When the Internet Protocol version 4 (IPv4) was defined in the late 1970s, 32-bit addresses were seen as sufficient to cope with the future growth in terms of connected devices. However, with the rapid growth of the Internet in the 1980s it quickly became obvious that the Internet would run out of addresses relatively quickly. In the 1990s Classless Interdomain Routing (CIDR) and Network Address Translation (NAT) were introduced. CIDR allows a more fine-grained allocation of addresses than the original class-based system, and NAT allows hosts with private addresses, that can be reused in different networks, to communicate with the public Internet. CIDR and NAT successfully slowed the consumption of IPv4 addresses.

Meanwhile IP version 6 (IPv6) was developed with 128-bit addresses, making the address space so large that it is very unlikely to be ever exhausted. IPv6 was already standardised in 1998, but it was not deployed by most organisations for many years. The main reason for IPv6’s slow start was its incompatibility with IPv4, which requires a full infrastructure upgrade and transition techniques that allow IPv4 and IPv6 coexistence, as well as IPv6’s lack of attractive new features, other than the large address space, which makes the upgrade unattractive for first adopters. Since 2015 most of the RIRs, except AfriNIC, have run out of addresses. Yet, IPv6 is still not widely deployed in many countries.

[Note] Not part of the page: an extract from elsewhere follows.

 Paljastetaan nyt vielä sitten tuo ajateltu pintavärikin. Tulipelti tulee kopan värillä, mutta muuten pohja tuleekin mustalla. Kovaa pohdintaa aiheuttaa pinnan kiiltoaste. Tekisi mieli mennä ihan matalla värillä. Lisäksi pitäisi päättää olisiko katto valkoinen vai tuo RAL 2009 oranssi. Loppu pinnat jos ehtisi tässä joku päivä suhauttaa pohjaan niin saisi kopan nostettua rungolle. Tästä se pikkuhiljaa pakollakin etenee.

Many of the previous studies on IPv6 were published in 2012 or earlier, but until 2012 the use of IPv6 has remained marginal. IPv6 deployment has only started to accelerate since the second half of 2012. After an accelerated deployment for a few years, it is timely to conduct another study on the deployment of IPv6. Our study focusses on Australia and China for a number of reasons.

First, both countries had low IPv6 deployment in early 2016, so the study will be very relevant to both countries. While brief macroscopic information of IPv6 deployment in Australia and China exists, detailed data about the state of IPv6-deployment and future deployment plans is unavailable. Second, by investigating Australia we can compare our results against Dell to measure how much the IPv6 deployment has accelerated in the last few years (and whether the progress matches observations from network measurement). Third, while Australia and China are similar with regards to low IPv6 deployment, they are very different economies. China is a large and still developing economy with a population much larger than the number of IPv4 addresses, whereas Australia is a small developed country with a much larger number of IPv4 addresses per capita than China. This has lead to different approaches for IPv6 adoption, i.e. while IPv6 was high on the agenda in China (and part of the 5 year plans), in Australia the reaction was more muted.

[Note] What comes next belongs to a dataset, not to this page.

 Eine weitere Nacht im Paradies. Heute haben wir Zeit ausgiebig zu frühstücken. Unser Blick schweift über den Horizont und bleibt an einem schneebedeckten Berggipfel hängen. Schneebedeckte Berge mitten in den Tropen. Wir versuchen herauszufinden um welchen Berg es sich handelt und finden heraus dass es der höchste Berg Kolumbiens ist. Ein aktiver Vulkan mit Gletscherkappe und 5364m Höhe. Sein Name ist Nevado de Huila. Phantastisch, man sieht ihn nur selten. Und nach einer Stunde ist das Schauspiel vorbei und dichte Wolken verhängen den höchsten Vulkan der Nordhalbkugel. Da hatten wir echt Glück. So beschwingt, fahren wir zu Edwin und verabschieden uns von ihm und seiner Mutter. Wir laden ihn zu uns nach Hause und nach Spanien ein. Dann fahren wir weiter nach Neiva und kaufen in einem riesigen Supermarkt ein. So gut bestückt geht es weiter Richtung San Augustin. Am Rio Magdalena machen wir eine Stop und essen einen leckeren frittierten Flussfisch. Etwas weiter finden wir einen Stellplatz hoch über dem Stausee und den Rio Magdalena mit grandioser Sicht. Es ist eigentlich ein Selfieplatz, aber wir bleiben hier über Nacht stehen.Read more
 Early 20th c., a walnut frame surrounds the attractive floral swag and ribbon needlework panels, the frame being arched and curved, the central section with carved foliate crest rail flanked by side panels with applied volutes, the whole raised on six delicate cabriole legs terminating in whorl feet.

The aim of this study was to shed some light on the following questions with respect to organisations in Australia and China:

• How advanced is IPv6 deployment in organisations?
• How is IPv6 implemented, i.e. what technologies are used?
• What are the problems with IPv6 in production?
• How urgent is the transition for organisations that have not deployed IPv6 yet, how prepared are they and how quickly do they expect to transition?
• What is the motivation and key arguments for IPv6 and what are main obstacles for IPv6 deployment?
• What can be done to further speed up the IPv6 transition?
• What are alternatives to IPv6 used by organisations?